From this automatic process 3D meshes were generated representative of the biventricular
myocardium. Similar 3D meshes were generated from the hand-traced data. Figure 1
illustrates an example of a mesh generated from the hand traced procedure and compares it
to the automated mesh for one of the analyzed CT image sets.
PET Myocardial Segmentation
In a separate independent process, the LV chamber was identified from the PET images
using endocardial and epicardial boundaries generated by our previously published
automated methods, which are part of the Emory Cardiac Toolbox (ECTb) (13, 23). Briefly,
mid-myocardial LV points are obtained from the maximal count quantification algorithm
and endo/epi LV surfaces are modeled at a fixed distance from these locations.

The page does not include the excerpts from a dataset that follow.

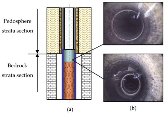 Cementing system of “upper stop”. (a) Vertical cross-section view. (b) Borehole television logging images.
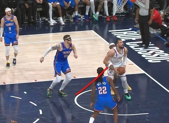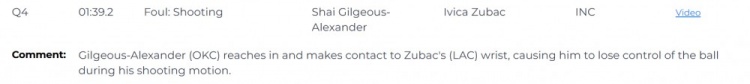 比賽最后1:39,快船落后99-100落后1分,亞歷山大(雷霆)伸手接觸到祖巴茨(快船)的手腕,導(dǎo)致他在投籃動(dòng)作中失去對(duì)球的控制。
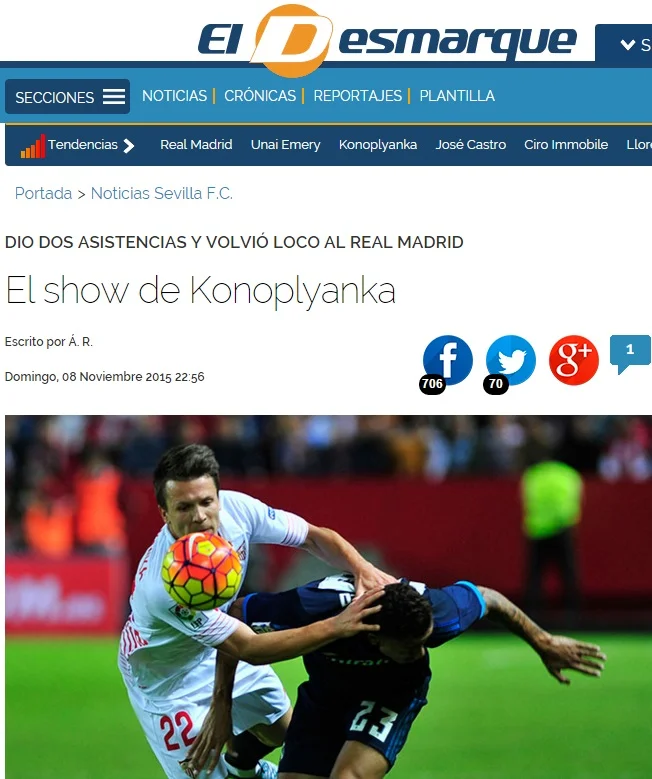 Індивідуальні дії Коноплянки, коли "Севілья" забивала другий гол, вважає ключовими у матчі і видання AS. Крім цього, мадридські журналісти відзначають постійні переміщення українського хавбека, які не давали спокою обороні "Реала".
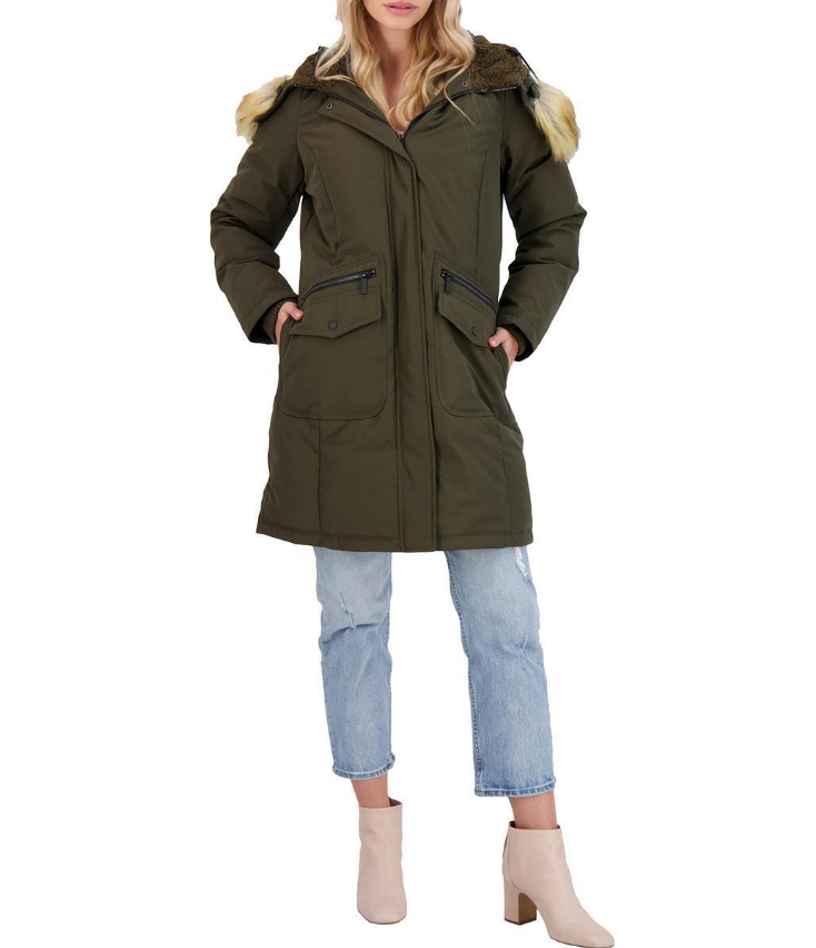 French Connection Women's Down Fill Mid-Length Parka with Faux Fur Trim Hood

Myocardial Mass and Ventricle Volumes Extraction
Experimental Mass Measures—After the imaging procedures were completed, post-
mortem ventricular mass measures were obtained separately for LV and RV in 8 out of 12
pigs to validate the automatic and manual CT boundaries detection. In 4 cases the
measurements were not available: 2 pigs died on the scanning table and in the remaining 2
the area of infarct was either not large enough to be accurately measured or not visible at all.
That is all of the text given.